== Exercise details ==
Pictures in the data should be dropped; transcribe exactly the lines from the one that has "- Strampelanzug in" through the one that has "17284. 1794 год.".

== Collected material ==
╔══
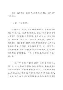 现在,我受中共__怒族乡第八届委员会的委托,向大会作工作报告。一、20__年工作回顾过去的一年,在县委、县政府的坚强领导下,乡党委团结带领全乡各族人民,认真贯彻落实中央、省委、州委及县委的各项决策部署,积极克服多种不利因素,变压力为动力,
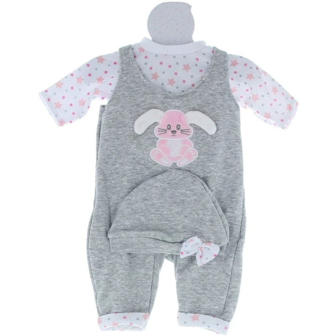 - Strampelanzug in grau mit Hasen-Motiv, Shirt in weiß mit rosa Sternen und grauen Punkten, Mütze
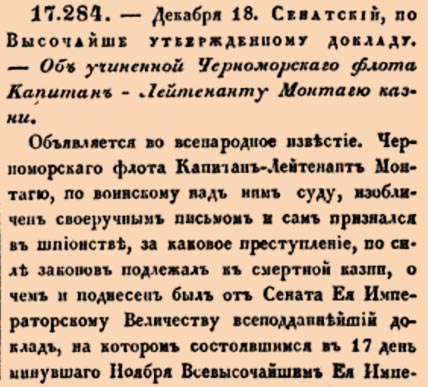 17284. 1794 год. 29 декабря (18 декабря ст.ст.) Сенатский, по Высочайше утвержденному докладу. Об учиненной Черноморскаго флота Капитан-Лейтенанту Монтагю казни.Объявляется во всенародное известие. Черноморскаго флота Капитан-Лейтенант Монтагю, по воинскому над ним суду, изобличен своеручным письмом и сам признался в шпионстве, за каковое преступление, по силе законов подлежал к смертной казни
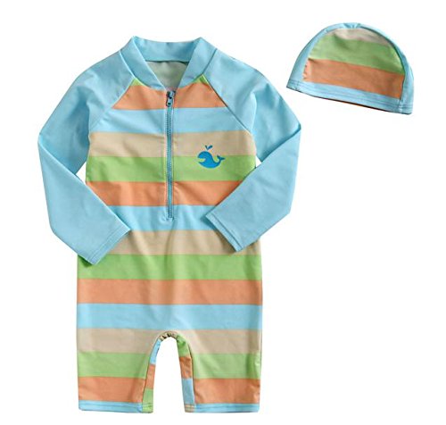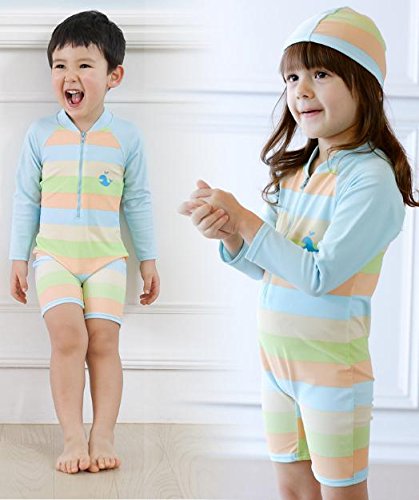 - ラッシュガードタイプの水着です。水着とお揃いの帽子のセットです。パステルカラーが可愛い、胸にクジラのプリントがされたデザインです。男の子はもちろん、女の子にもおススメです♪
╚══
== Output for this exercise ==
 - Strampelanzug in grau mit Hasen-Motiv, Shirt in weiß mit rosa Sternen und grauen Punkten, Mütze
 17284. 1794 год. 29 декабря (18 декабря ст.ст.) Сенатский, по Высочайше утвержденному докладу. Об учиненной Черноморскаго флота Капитан-Лейтенанту Монтагю казни.Объявляется во всенародное известие. Черноморскаго флота Капитан-Лейтенант Монтагю, по воинскому над ним суду, изобличен своеручным письмом и сам признался в шпионстве, за каковое преступление, по силе законов подлежал к смертной казни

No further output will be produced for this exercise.